Yes – and the Lakeland 100 within a month of that! For THE MONTANE ® Spine ® Fusion my main intention is to finish the 268 mile course within the 7 day cut off. I hope to get a good time too but that’s not the important thing. Spine fusion happens through AS and this race was too good an opportunity to pass up. I approached Scott Gilmour, one of the Race Directors, about NASS being the official charity partner and he was very supportive of this.
For the Lakeland 100 this will be my third year so I’m striving for the ‘500 up’ trophy.
What drives you?
Since my 1st BG attempt, I have never again DNFd. In fact my outlook now is that you don’t ‘DNF’, you ‘RTC’ (refuse to continue). It’s a much healthier way to look at ultra running and life in general. Whenever I have hit thatpoint in a race I have asked myself, “Are you refusing to continue?” I’ve never replied, “Yes” to that but there are challenges yet!
The ultimate catalyst was reading Feet In The Clouds. I asked, “What was it about mountain running that enables people with conditions like arthritis to run for hours and hours over such rough terrain?”. Many people with AS can barely move and that is a worst case scenario. Other AS ‘sufferers’ like me are pushing the limit of what has been traditionally thought as possible with this condition. There is an international community of people with AS who ultra run and, in fact, there is a group of US runners looking to do the Spine ® Fusion alongside me.

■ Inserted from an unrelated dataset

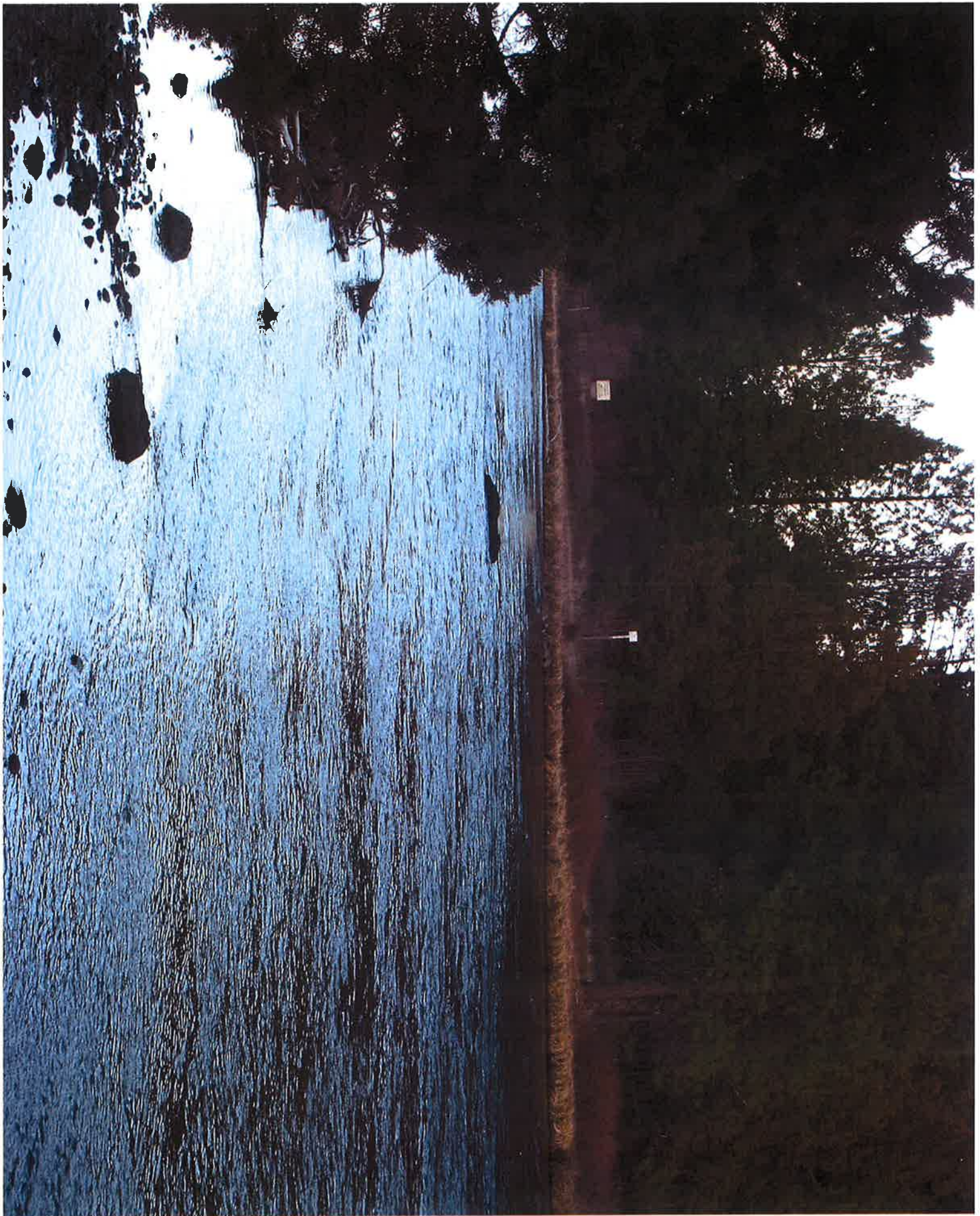
ON WEST SIDE BRIDGE SITE LOOKING AT SANCTUARY ON EAST SIDE - # 292 NOTICE WILDLIFE SANCTUARY SIGNS

Ultimately, I get out running to manage the pain and having the goal of events like THE MONTANE ® Spine ® Fusion give me a positive goal to focus on. And the Peaks Sky Ultra is a possible target for 2018.
How do you go from learning to run again to completing the most challenging Ultras?
By exercising daily many things become available to you. Running is not only my medication, but also my meditation and I have been able to access more than I thought possible. I celebrate the pain of an ultra as it creates ‘good’ pain that I’m in control of. AS is bad pain. For me, that low point in a race when you’re so low you feel you can’t do any more…That’s pain I’ve created and it attracts my brain so stops me thinking about AS.
I like the isolation of running. It’s positive and meditative for me. There is so much in this country to explore.
What do you think is behind the growth of events like Ultras?
I now coach runners twice a week and a couple of them normalise ‘stupidity’ – the idea that running so far can’t be good for the body. Our cultural reference point has shifted. A marathon used to be insane and now that’s much more mainstream. Ultras are growing and that can only be good.
Inspirational quote before last leg of BG
Who inspires you?
Well I have an incredibly understanding and patient wife and family. In terms of running, there are so many. I love how Barefoot Aleks related to his environment. For me, Aleks and his blog sum up what adventuring is all about. Also George Bate of TheRunningCharity. Their work in helping the homeless is incredible. Through running, they provide some structure, help raise self-esteem. Also Jasmin Paris who through her own feats and support of others demonstrates what a privilege it is to be part of the running community. That is what trail running is all about. There is no elitism on the start line of a trail race. It’s so much more like real life than road running. Often someone will sacrifice their own race to help another person in need. On my BG last year, some many amazing runners came out to support me, GB and Irish internationals, 100 mile race winners, successful BGers and aspiring fell runners. It was a microcosm of what trail running is!
On the Ultimate Trails event, Graham Patten gave a really moving briefing before we all headed off. He said “On this you’re all marshalls. Look out for each other. What we’re doing is inherently dangerous.” He’s absolutely right. Doing an ultra you can go for 5 hours without seeing anyone else in the night (I did on the Cotswold Way) and that really strips you down.
How would you like to finish off?
Just to say that I’d love to inspire people to transform their life by taking control of their health – if they can 🙂
A brief note from me… I hope you enjoyed reading this post. I have to say, it was very moving and humbling to meet and interview Raj. To say he has inspired me is an understatement!